Your objective |
Would you please repeat exactly the entries below, starting at the line with "5月 国際交流バスツアー" and ending at the line with "2. Bulharská pozorovatelna", and nothing outside that range? Leave out the pictures.

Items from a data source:
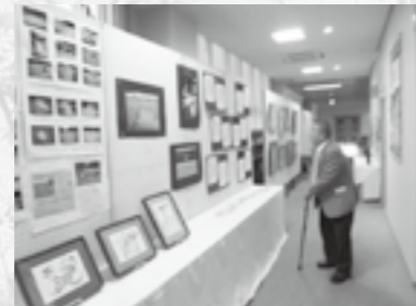
▲作品は力作ぞろい!
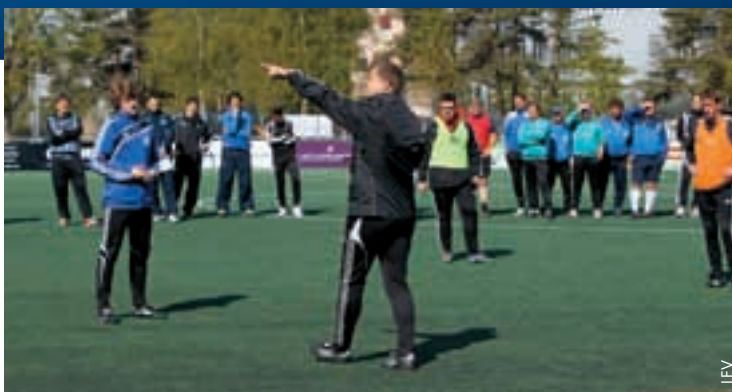
Lehrgang für die Liechtensteiner Trainer.

Auf dem Gelände des Sportparks Eschenmauren erhielten die Teilnehmerinnen und Teilnehmer zunächst eine Einführung, in der
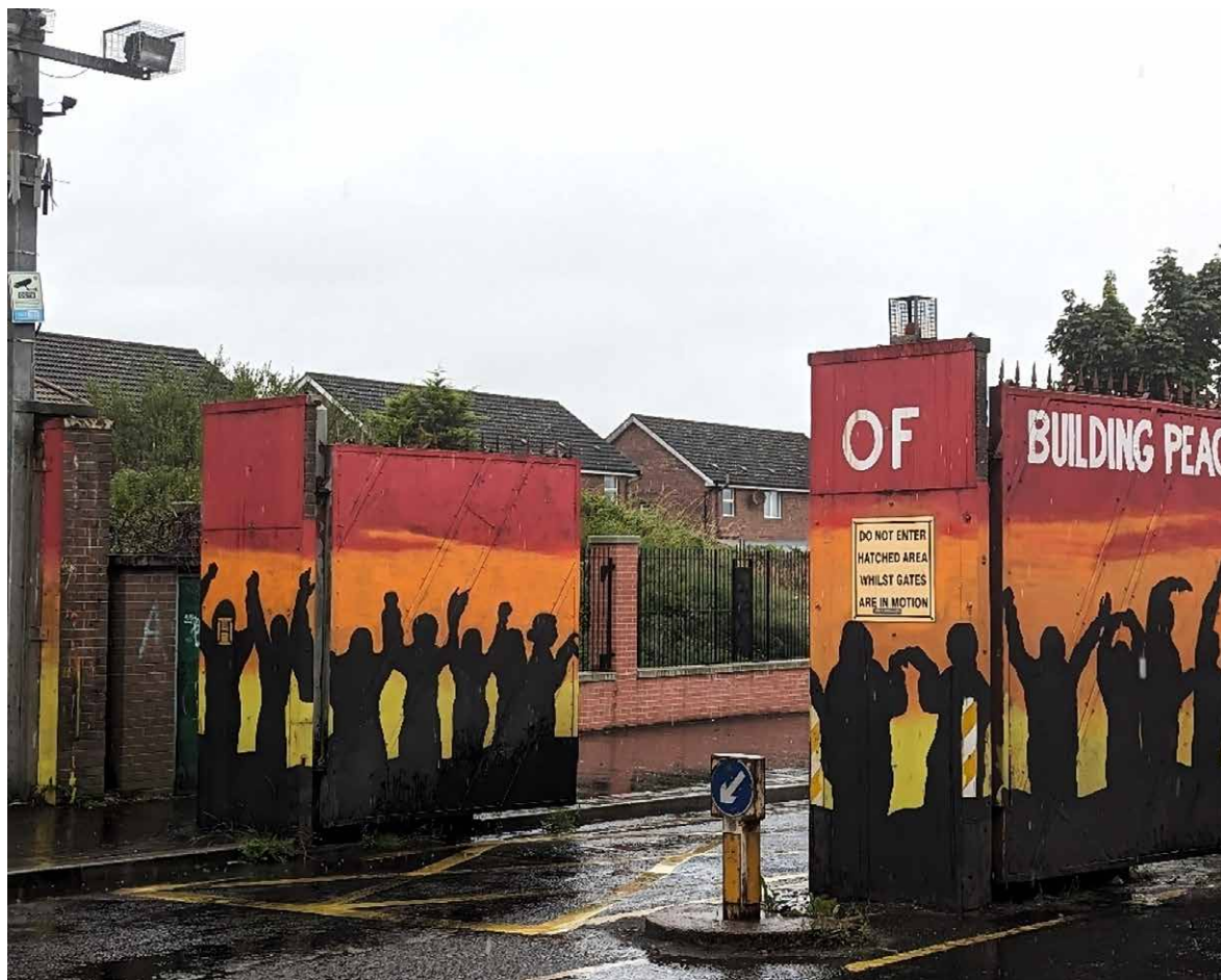
Figura 3. Puertas del Muro de la Paz en Lanark Way, en el oeste de Belfast

Fuente: foto de la autora, 12 de agosto de 2024.
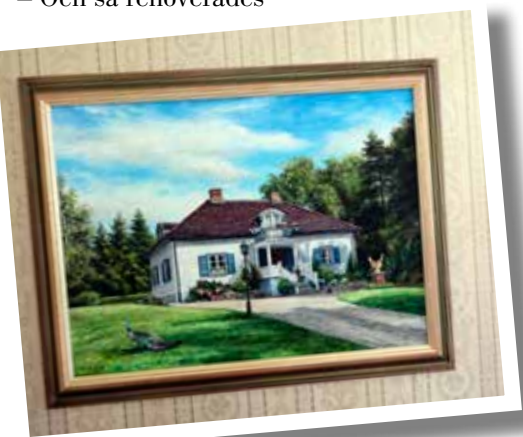
FRÅN FÖRR. En schweizisk konstnär porträtterade huset får många år sedan - och allt är sig likt än idag.

PAVILJONGEN. Här spenderas mycket tid större delen av året. Luftvärmepumpen fixar behaglig temperatur oavsett om det är varmt eller kallt ute.
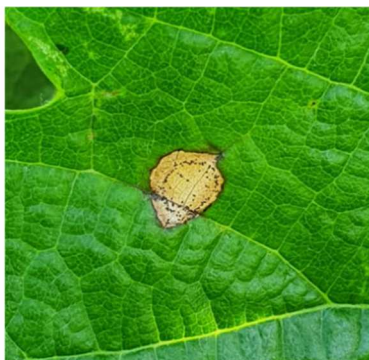
Black rot su foglia di Merlot, Biasca 31.05.2021 (sopra). Chardonnay, fioritura, Gudo 31.05.2021 (destra).

Ricordiamo che il momento giusto per l'intervento deve tenere conto della tipologia di prodotto utilizzato ma anche del tasso di crescita della vite, che in questa fase è abbastanza elevato. Inoltre è necessario determinare l'intervallo valutando non solo l'adeguata protezione nei confronti della peronospora, ma anche dell'oidio.
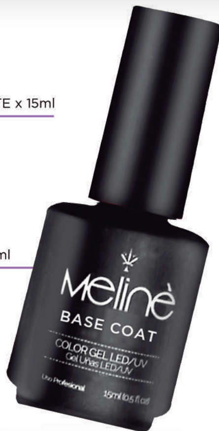
BASE COAT x 15ml
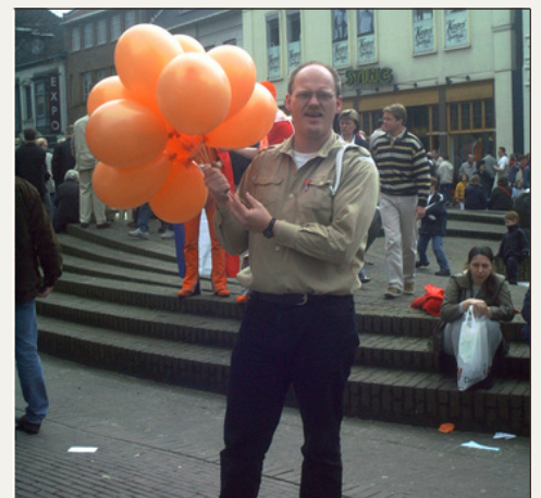
Koninginnedag - Ballonnenverkoop
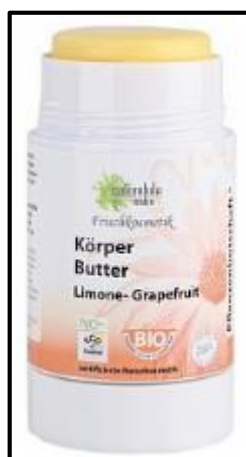
Desodorante con limón y uva
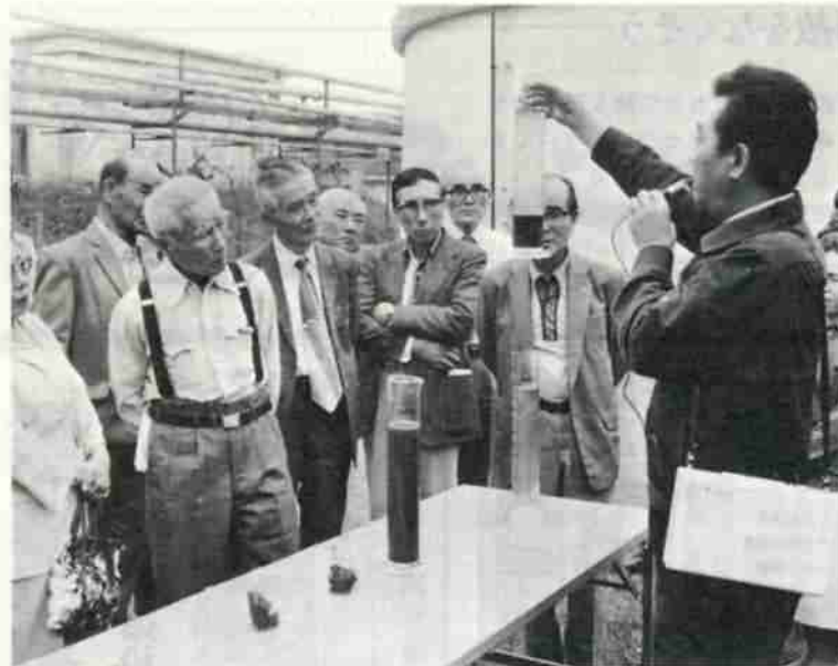
昨年の市民見学会から

市民見学会は、皆さんが納めた税金などが、豊かで住み良い街づくりにどう役立っているかを、実際に一瞥したいため昨年開催していません。 昨年は町内会単位で見学会を行ない、大勢の皆さんに参加していただいた大変好評をいただきました。 今年も次の要領で六回にわたって実施します。お好きなコース、都合の良い集合場所を選んでどしどしご参加ください。
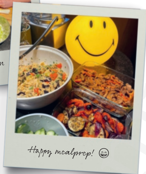
Happy mealprep! 😊
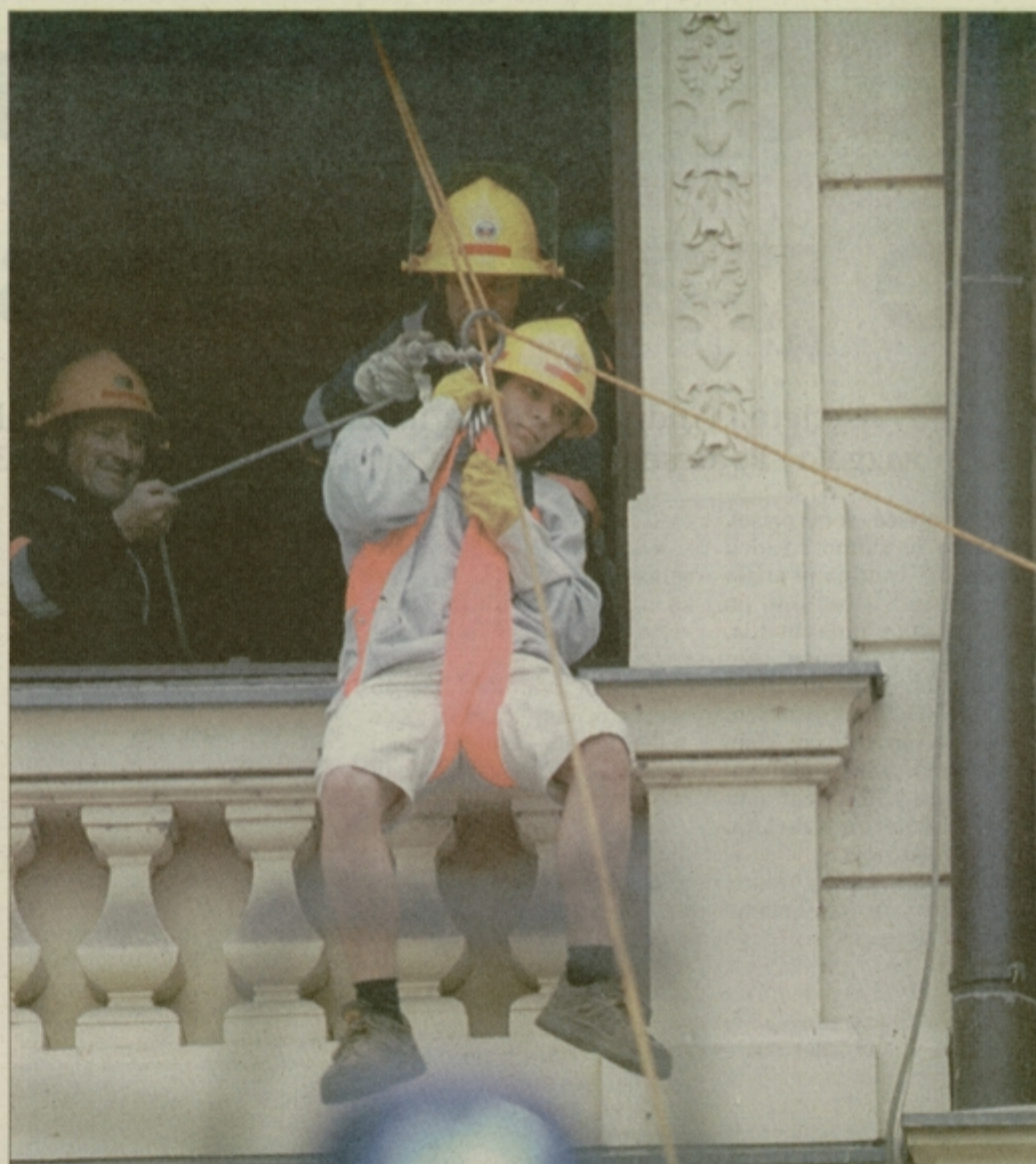
V veliki vaji reševanja iz Narodnega doma so ob gasilcih sodelovali reševalna zdravstvena služba, policija in helikopterja Hudournika z gašenjem iz zraka in prevozom ponesrečenca v Ljubljano. Med mnogimi načini reševanja iz višjih nadstropij je bilo tudi reševanje z vrvo »italijanček«.
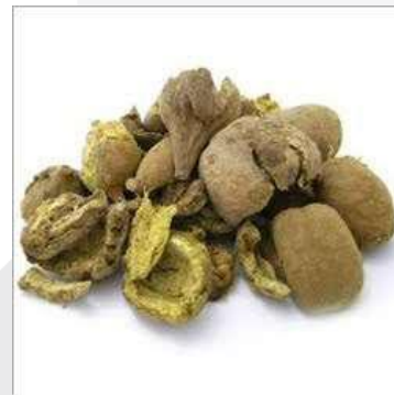
Gambar 2. Jelawe
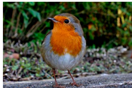
Rødstrupe : Ikke vanskelig å skjønne hvor den har navnet fra.
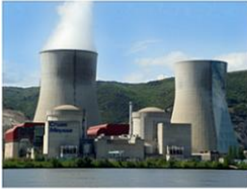
Centrale de Cruas Meysse, Ardèche
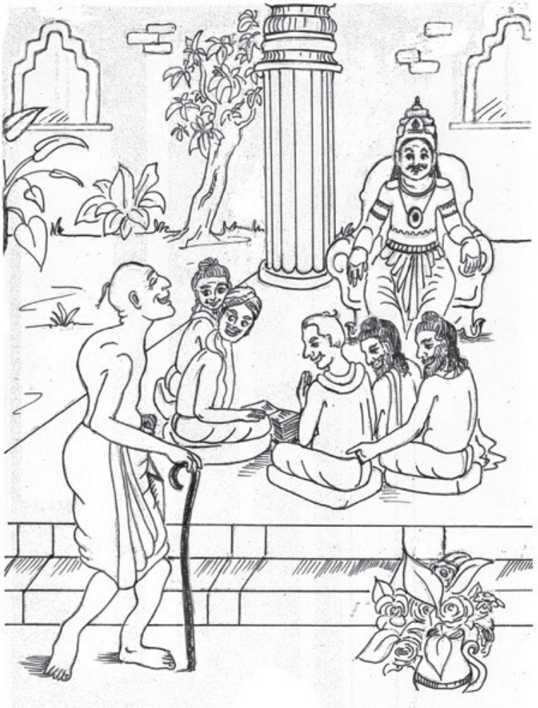
महाराज जनककी सभामें अष्टावक्र ऋषि
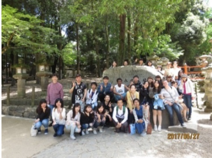
5月 国際交流バスツアー
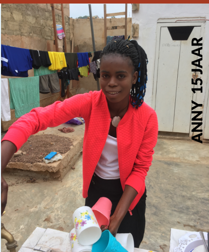
ANNY 15 JAAR

Misschien bent u het al van ons gewend: ook de komende maanden heeft stichting l'Amour du Prochain weer een leuke wijnactie. Door het bestellen van een goede kwaliteitswijn van wijnkoperij Henri Bloem uit Zwolle steunt u ons nieuwe project: een speelplaats voor de wijk waarin ons opvanghuis staat. Hiermee willen we iets betekenen voor de kinderen om het huis heen. Op de laatste pagina van deze brief vindt u meer over dit project.
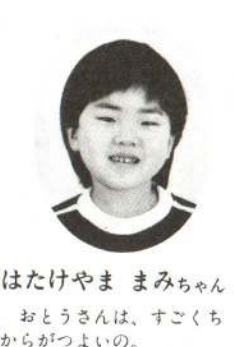
はたけやま まみちゃん おとうさんは、すこくちからかつよいの。
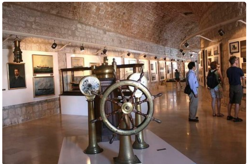
Merimuseo kertoo kaupungin menestyksellisestä merenkulun historia
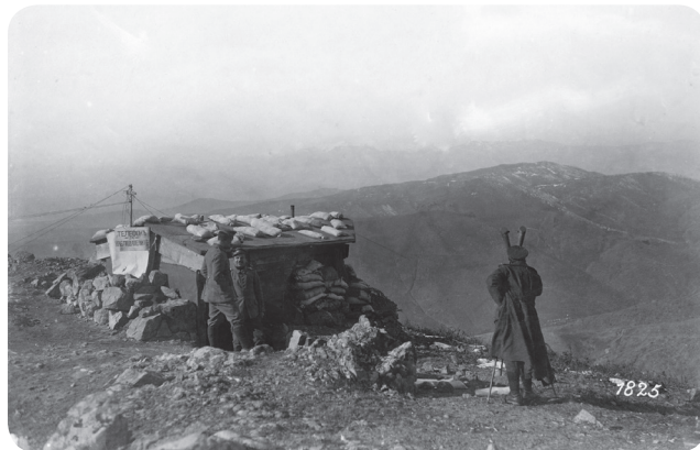
2. Bulharská pozorovatelna v postavení nad Dojranským jezerem v březnu 1917. https://commons.wikimedia.org/wiki/File:Doiran_Front.jpg .

Vuka s 2 250 muži, složený z komitů a bývalých rakousko-uherských vojáků (včetně českých), kteří po svém zajetí přešli na srbskou stranou, popř. se do oddílu začlenili ti, kteří na počátku války pracovali nebo žili v Srbsku a rozhodli se pro srbskou opci, jeden prapor pak byl tvořen dobrovolníky z Černé Hory a Hercegoviny. Dobrovolnický oddíl byl součástí třetí armády. Není bez zajímavosti, že dobrovolnický oddíl přešel Albánii z celé armády nejorganizovaněji a bez zásadních ztrát a jako jediný byl schopen bez větší regenerace dalších akcí (Sekulić 2007; Houžvic 1928: 99–135). Dohromady čítalo srbské vojsko 152 000 mužů (Radojević – Dimić 2014: 191), podle jiných informací 147 000 mužů, včetně 23 000 mužů týlového zabezpečení. Do řecké Makedonie byli na francouzských lodích převezeni mezi 14. dubnem a 16. květnem 1916 (Zorić 2018: 11). Z této masy vojáků bylo však
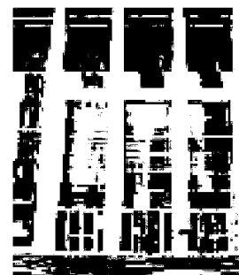
Processo Il tribunale

Le volontarie si opposero, ma alla recente udienza è stato ritirata l'opposizione al decreto che è rimasto valido.
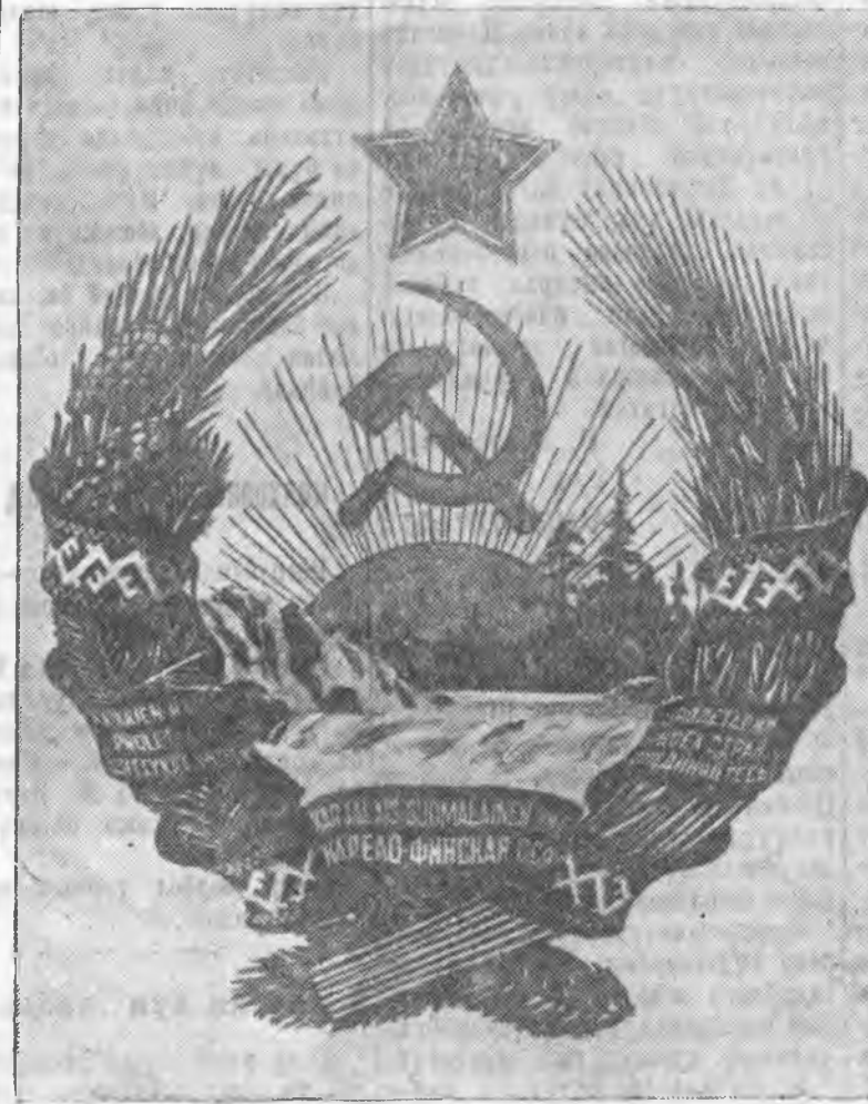
ЗУРАГ ДЭЭРЭ: Карело-Финскэ ССР-эй гүрэнэй герб.

Электростанцинуудыг ремонтлодо зохино анхарал табиагүй тэрэ нютагай Советүүдшэ Наркомхозтой адлар харюусаха байна. Арад зонниг электрицкэ гэрлээр хангалга тон шухала хэрэг, энээндэ нютагай Советэй хүдэлмэрилэгшэ бүхэн анхарал табижа уялгагай.
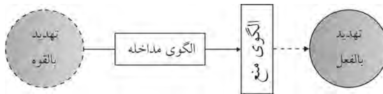
نمودار شماره ۳: الگوهای منع و مداخله برای پیشگیری در رهیافت سکولاریستی

در نمودار زیر این دو نوع رویکرد با یکدیگر مقایسه شده‌اند. چنان‌که ملاحظه می‌شود، الگوی ایجابی پیشینی بوده، بر تهدیدات بالقوه تأثیر می‌گذارد، حال آنکه الگوی سلبی به صورت پسینی عمل نموده، فرایند تحول تهدید بالقوه به تهدید بالفعل را هدف قرار می‌دهد. (نگاه کنید به نمودار شماره ۳)
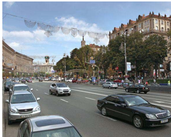
Сучасний вид на Хрещатик від Бессарабської площі.

[Електронний ресурс]. — Режим доступу: http://retrobazar.com/journal/photo/583_foto_kieva_v_proshlom_i_segodnja.html .
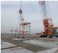
PPC版据付状況 令和元年12月
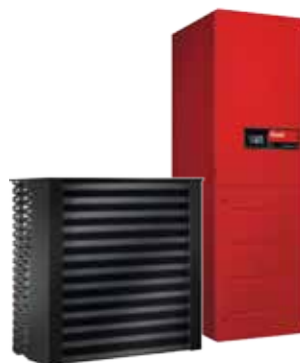
pl.: UltraSource® B hőszivattyú
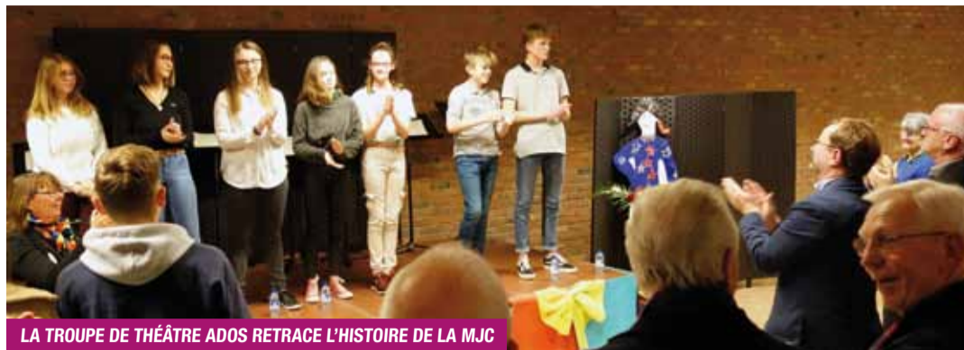
LA TROUPE DE THÉÂTRE ADOS RETRACE L'HISTOIRE DE LA MJC

Solution for this exercise |
5月 国際交流バスツアー
ANNY 15 JAAR

Misschien bent u het al van ons gewend: ook de komende maanden heeft stichting l'Amour du Prochain weer een leuke wijnactie. Door het bestellen van een goede kwaliteitswijn van wijnkoperij Henri Bloem uit Zwolle steunt u ons nieuwe project: een speelplaats voor de wijk waarin ons opvanghuis staat. Hiermee willen we iets betekenen voor de kinderen om het huis heen. Op de laatste pagina van deze brief vindt u meer over dit project.
はたけやま まみちゃん おとうさんは、すこくちからかつよいの。
Merimuseo kertoo kaupungin menestyksellisestä merenkulun historia
2. Bulharská pozorovatelna v postavení nad Dojranským jezerem v březnu 1917. https://commons.wikimedia.org/wiki/File:Doiran_Front.jpg .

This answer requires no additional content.